Establishing the certified IDR entity fee
The final rule maintains earlier proposed rates for the fees charged by certified IDR entities in 2024. Those fees will be between $200 and $840 for single determinations, with an add-on fee for batched disputes of $75 to $250 for every additional 25 line items (beginning with the 26th line item). The upper limit for single determinations is a sizable increase from $500 in 2023, while batched determinations currently have a flat rate of between $268 and $670.
“To remain competitive, the certified IDR entities have an incentive to charge fees on the lower end of the established range,” the final rule states. “As a result, the departments do not believe that an increase to the upper limits of the certified IDR entity fee will result in drastic increases to the fees charged.”
Certified IDR entities can request approval to reset their fee one time during a given calendar year, according to the final rule.
To limit the increase in the administrative fee, the departments “will not take on a greater role in broadly assisting certified IDR entities with eligibility determinations at this time.” There had been an argument that the departments should become more involved in eligibility determinations for the sake of easing the case backlog that has hampered portal operations.

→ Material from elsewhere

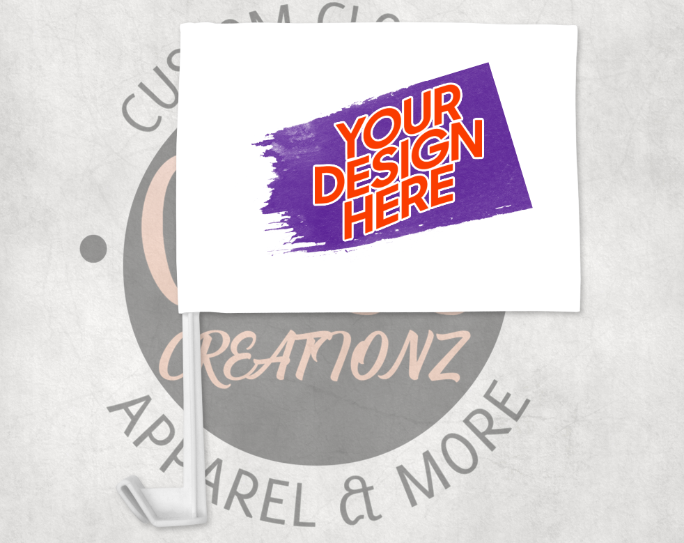 12x8 Heavy-Duty, Double Thickness Car Flags. Print on both sides. Each side is a separate layer, stitched together. Pole has a clip to hold in place.

The departments’ focus regarding eligibility determination instead will be on “more complex disputes,” such as those in which federal versus state jurisdiction is difficult to determine. Restrained involvement from the departments in eligibility reviews likely will not affect the fees assessed by certified IDR entities, the final rule states.
Pending IDR regulations
Scheduled for some point in early 2024 is the issuance of a final rule on improving overall IDR operations. The comment period for the proposed rule remains open through Jan. 2.
HFMA submitted a comment letter on the rule, drawing attention to several concerns. Among them is a proposal to limit a batched determination to 25 items or services in a single dispute.
“It is common practice for insurers and plans to consolidate multiple CPT codes on a single claim depending on grouper methodology,” HFMA wrote in the letter signed by Richard L. Gundling, senior vice president for content and professional practice guidance. “Requiring providers to fragment a claim exceeding a 25-line-item cap not only raises the provider’s submission costs to the IDR process but also severs related items and services furnished during that encounter.
“This division complicates the task for IDR entities to accurately determine the appropriate payment amount for emergency and out-of-network services and in other circumstances would be construed as fraudulent billing since it could secure higher payment by circumventing bundling methodologies.”
The proposed rule also would require health plans to include claim adjustment reason codes and remittance advice remark codes with the initial payment notice or notice of payment denial for services covered by the No Surprises Act. HFMA supports that recommendation but requested specific compliance guidelines.
The rule also would establish time frames for various steps in the IDR process (e.g., initial payment or denial, responding to a notice of open negotiation, responding to initiation of the IDR process). HFMA acknowledged the need for such time frames to improve efficiency but called for adjustments to specific provisions with which compliance would be difficult.